Il avoue ensuite être un peu engagé dans le choix de ses sujets. « Comme le disait Robert Fisk, je suis impartial du côté de ceux qui souffrent. Je vais plus facilement travailler sur des sujets d’équité dans le monde que sur la dernière pompe à la mode vendue Avenue Louise ! » Certains de ses papiers sont parfois mis à mal par les rédactions pour lesquelles il travaille, comme celle du journal Le Vif par exemple. Bailly serait catégorisé comme un journaliste de gauche. Bien qu’il soit issu de la bourgeoisie waremmienne (« une gauche conformiste », dit-il en plaisantant), ce Bruxellois d’adoption ne revendique pas cette étiquette politique. « D’autres me catégorisent comme ça », conclut-il.

Médor : par passion

À peine arrivé au lieu de rendez-vous, le journaliste dégainait fièrement le flyer explicatif de Médor. « Médor, n’est pas un chien. Médor sera un trimestriel coopératif belge d’enquêtes et récits. », peut-on lire d’entrée de jeu au dos du petit carton. Olivier Bailly est le cofondateur de ce nouveau mook (mélange de « magazine » et « book »). Il n’aime pas trop mettre ce rôle en avant car, pour lui, le projet place les 17 contributeurs au même niveau.

« C’est une organisation horizontale, où tout le monde a le droit à la parole. Autour de moi, tous des cons, et ça commence à bien faire ! », badine-t-il,  n’en pensant pas un mot.

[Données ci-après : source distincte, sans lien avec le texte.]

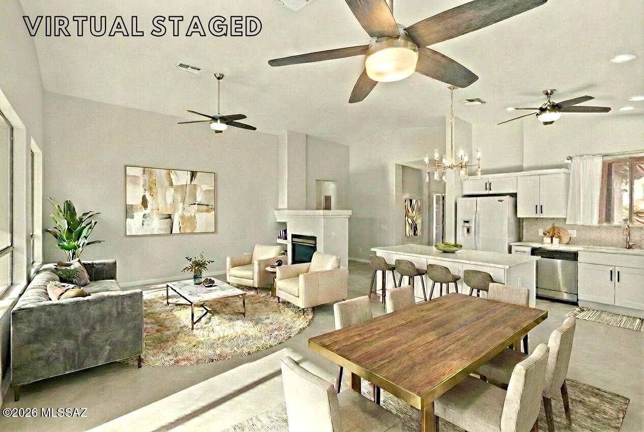 Newly UPDATED & PRICED TO SELL! Gorgeous 2-bedroom, 2-bath 1556 sq ft home located in San Ignacio Vistas 55+ Community with a sun screened ARIZONA ROOM & breathtaking MOUNTAIN VIEWS! The kitchen shines with new modern granite countertops, new soft touch cabinetry, a feature backsplash, high cathedral ceilings, recessed lighting, new ceiling fans, fresh interior paint, and a sleek polished concrete overlay. Other features include a gas fireplace, wide hallways, large walk-in closet, a reverse osmosis system and a bonus office space to provide flexibility & fruit trees. Enjoy the nearby recreation amenities: golf courses, pickleball courts, walking trails, and Green Valley Recreation community activities and facilities, you'll have endless opportunities to embrace in the lifestyle that

Mais au fond, Médor, c’est un peu son bébé. Lorsqu’il a reçu le prix Belfius (encore un) pour son enquête sur le surendettement, en 2011, il lui fallait rebondir, car il ne pourrait pas l’obtenir l’année d’après. L’idée de créer un mook d’enquêtes a donc fait son chemin. Pas pour l’argent, mais pour être libre de ses mouvements. Pour faire ce qu’il aime sans contrainte. « Ça demande de l’effort et de la conviction parce qu’on ne gagne pas un balle pour le moment. Mais ce qui est sûr, c’est que ça ouvre des horizons », argumente le journaliste. Mais dans cet effet de groupe, qu’est donc devenu le misanthrope? Celui qui aimait tant écrire seul ? « Je suis contradictoire, je ne vous le cache pas », commente-t-il avec dérision. Un brin arrogant, aussi. Comme pour se protéger du monde qui l’entoure, et qu’il raconte si bien.